**REQUIRED WORK**: Set down only these lines, exactly: the line containing "- Client stub" and all lines through the end of the data below. Omit pictures.
◇ ◇ ◇
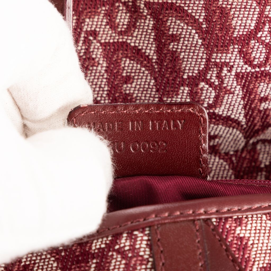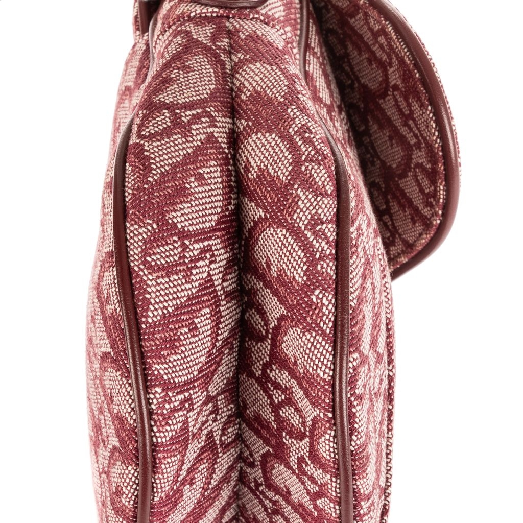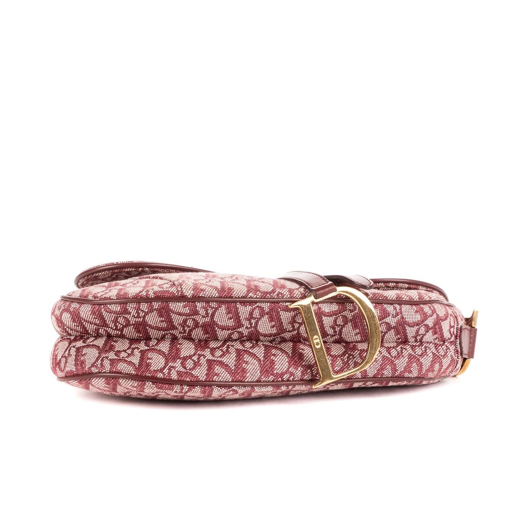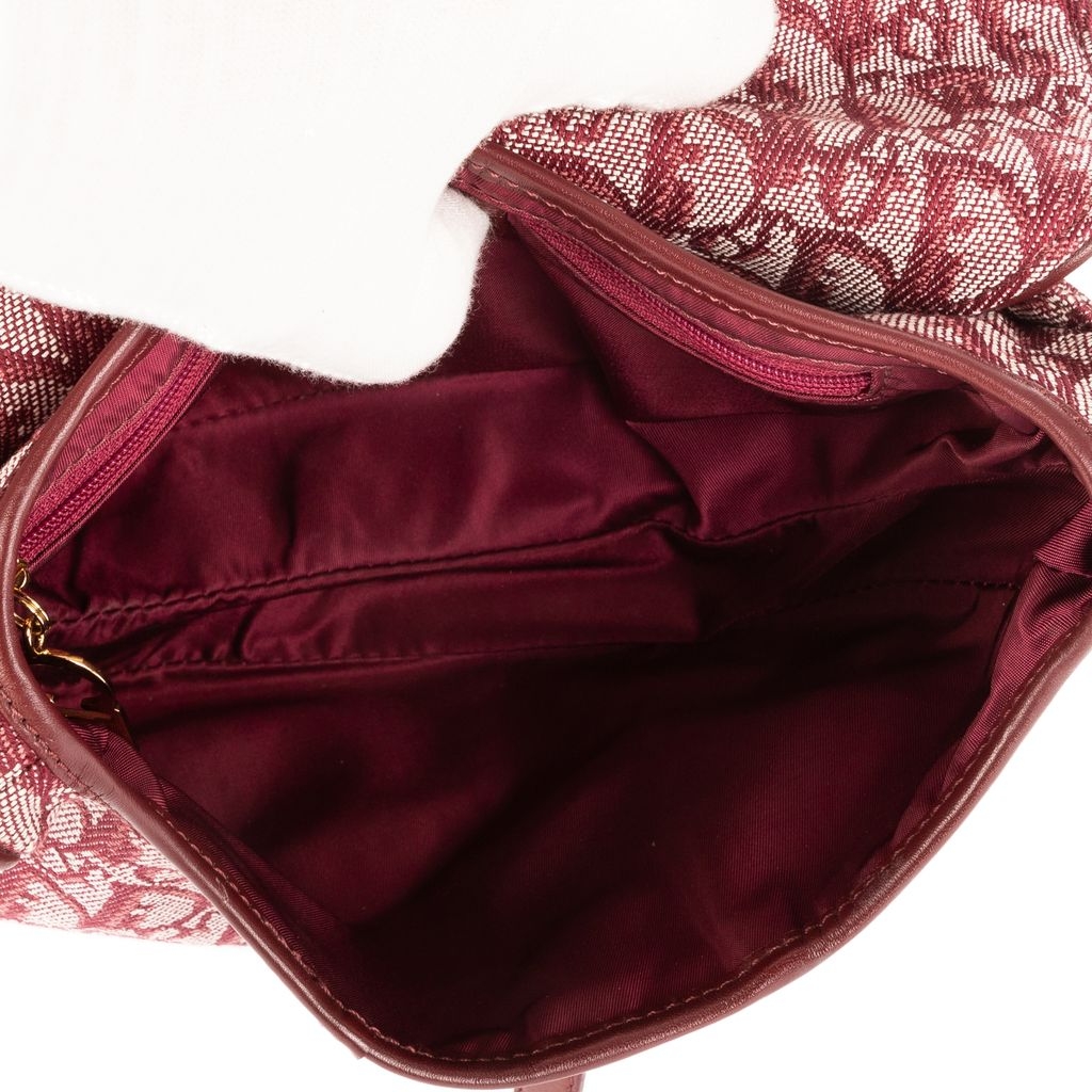 A vintage Dior bordeaux canvas Saddle Bag with a certificate of authenticity, Approximately 19cm height, 25cm width.
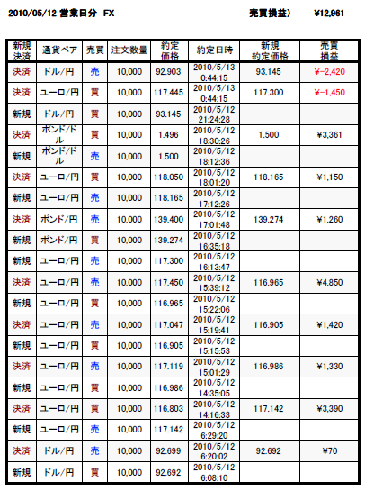 一昨日のような往って来い相場では無かったものの、1日1万円の収益を目標としているので結果は OK でした。
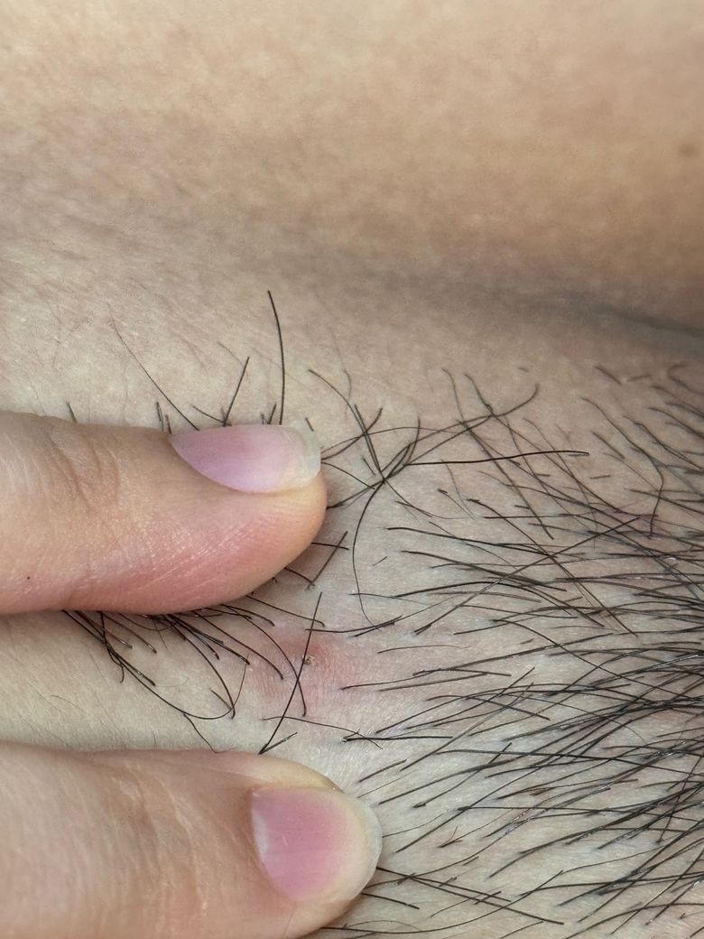 어제부터 갑자기 따갑고 빨갛게 부어오르는데, 면도로 인한 모낭염(인그로운헤어) 같기도 하고 헤르페스인 것 같기도 합니다. 사진 봐주세여
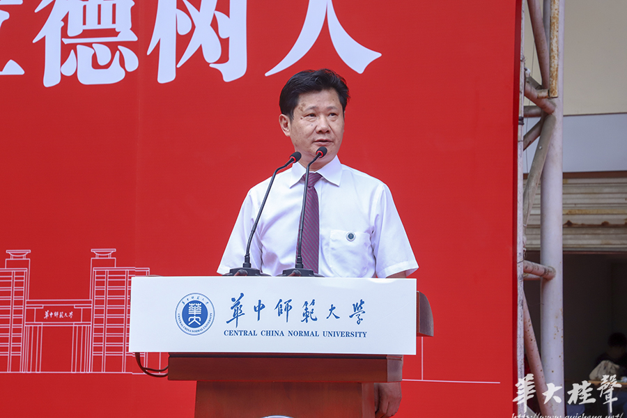 大会伊始,全体人员起立奏唱国歌行注目礼。礼毕,校长赵凌云对广大新生的到来表示热烈欢迎并致辞。在致辞中,赵凌云多次强调“爱国”这一关键词,他从这一本质要求出发,强调广大青年学生要“勇做新时代爱国青年”,要有旗帜鲜明的爱国立场、德才兼备的强国能力、敢于亮剑的报国行动,并将爱国落实到自爱、尊师与爱校的具体行动上。为此,他对新生提出了五点希望:一要坚守初心,珍惜过往;二要遵守校纪校规,珍惜学校声誉;三要敬畏师道尊严,守护师生互信;四要坚守人伦道德,常怀感恩之心;五要养成良好学习习惯,树立积极人生态度。赵凌云的致辞“金句”频出,他说到:“防止人工智能消解我们的智慧,防止算法粉碎我们的思想”,他要勉励新时代的同学们立志创新报国,努力为“中国梦”、“华师梦”贡献力量,在人生中最美好的“桂子山”时代圆梦。
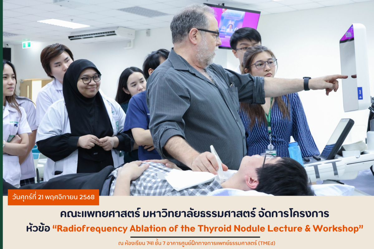 2025-11-27 09:32:592025-11-27 09:32:59คณะแพทยศาสตร์ มหาวิทยาลัยธรรมศาสตร์ จัดการบรรยายเชิงวิชาการใน หัวข้อ “Radiofrequency Ablation of the Thyroid Nodule Lecture & Workshop”
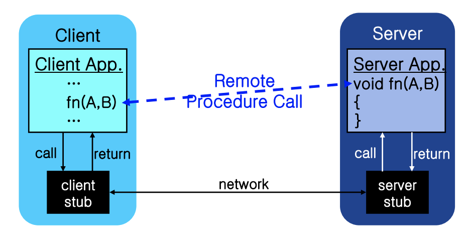 - Client stub / server stub => 양쪽에서 각각의 임무를 수행한다.
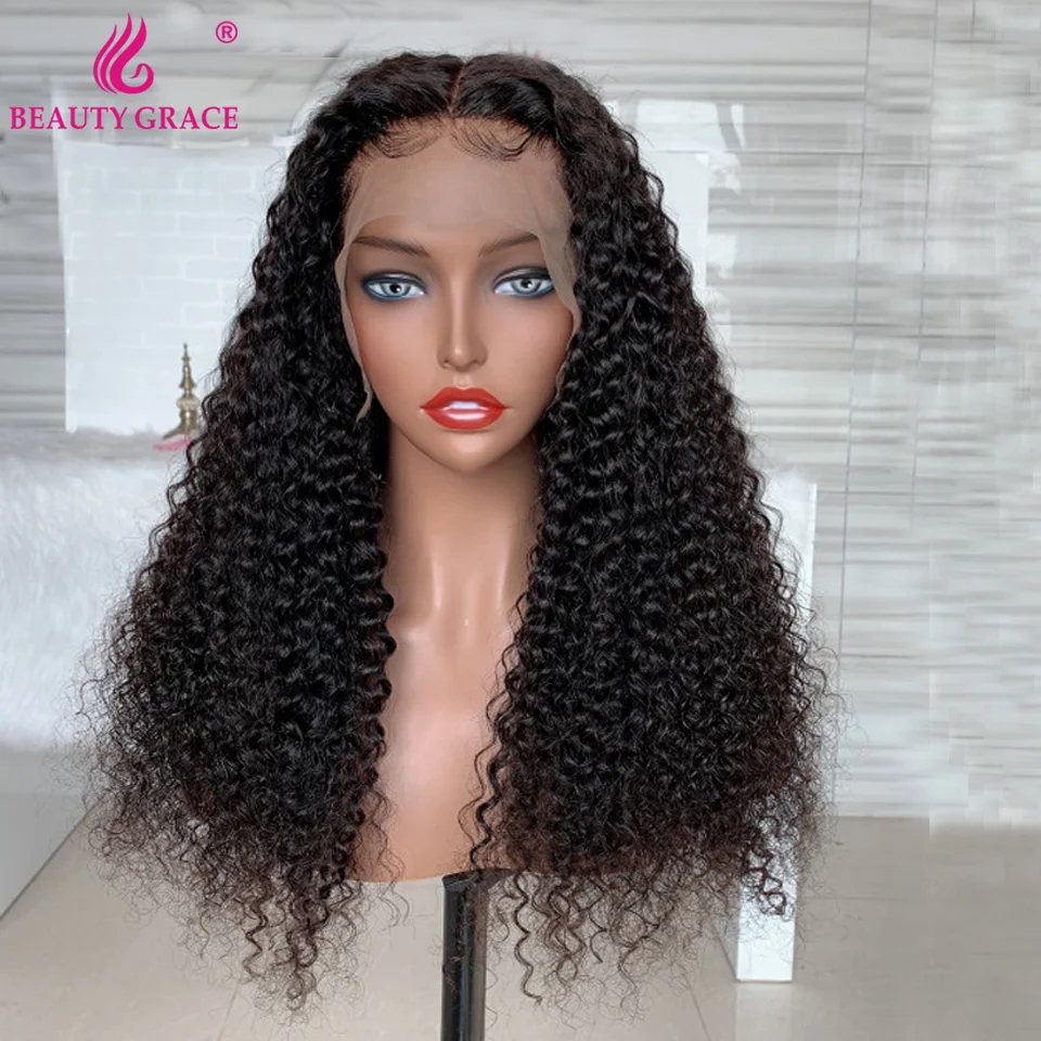 Красота Грация 30 дюймов кудрявые кружевные передние человеческие волосы парики для женщин T часть глубокий кудрявый кружевной передний al парик бразильские волосы парик шнурка
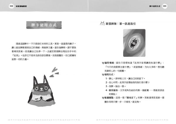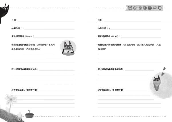 每張牌卡都有專屬的金句指引,以及立即可行的微行動。除了說明手冊,還搭配可書寫的情緒護照,紀錄並看見自己的變化。透過每一次抽牌與微行動,在混亂的世界中,找回屬於你的節奏。
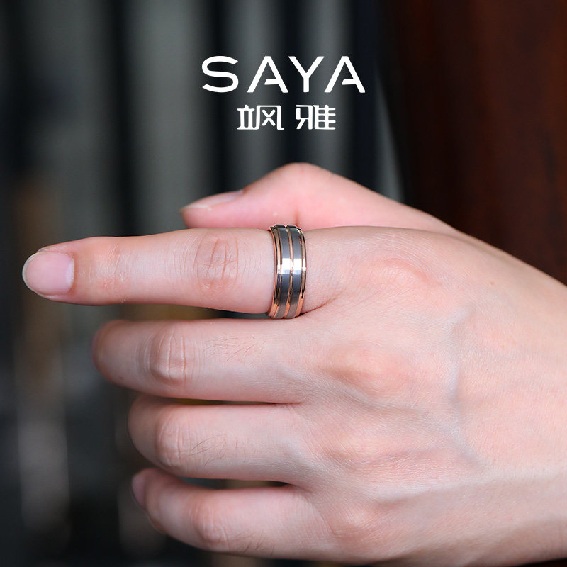 飒雅戒指男款钨金对戒女玫瑰金色戒子乌金高级感不掉色指环首饰品
◇ ◇ ◇
**FINAL ANSWER**:
 - Client stub / server stub => 양쪽에서 각각의 임무를 수행한다.
 Красота Грация 30 дюймов кудрявые кружевные передние человеческие волосы парики для женщин T часть глубокий кудрявый кружевной передний al парик бразильские волосы парик шнурка
 每張牌卡都有專屬的金句指引,以及立即可行的微行動。除了說明手冊,還搭配可書寫的情緒護照,紀錄並看見自己的變化。透過每一次抽牌與微行動,在混亂的世界中,找回屬於你的節奏。
 飒雅戒指男款钨金对戒女玫瑰金色戒子乌金高级感不掉色指环首饰品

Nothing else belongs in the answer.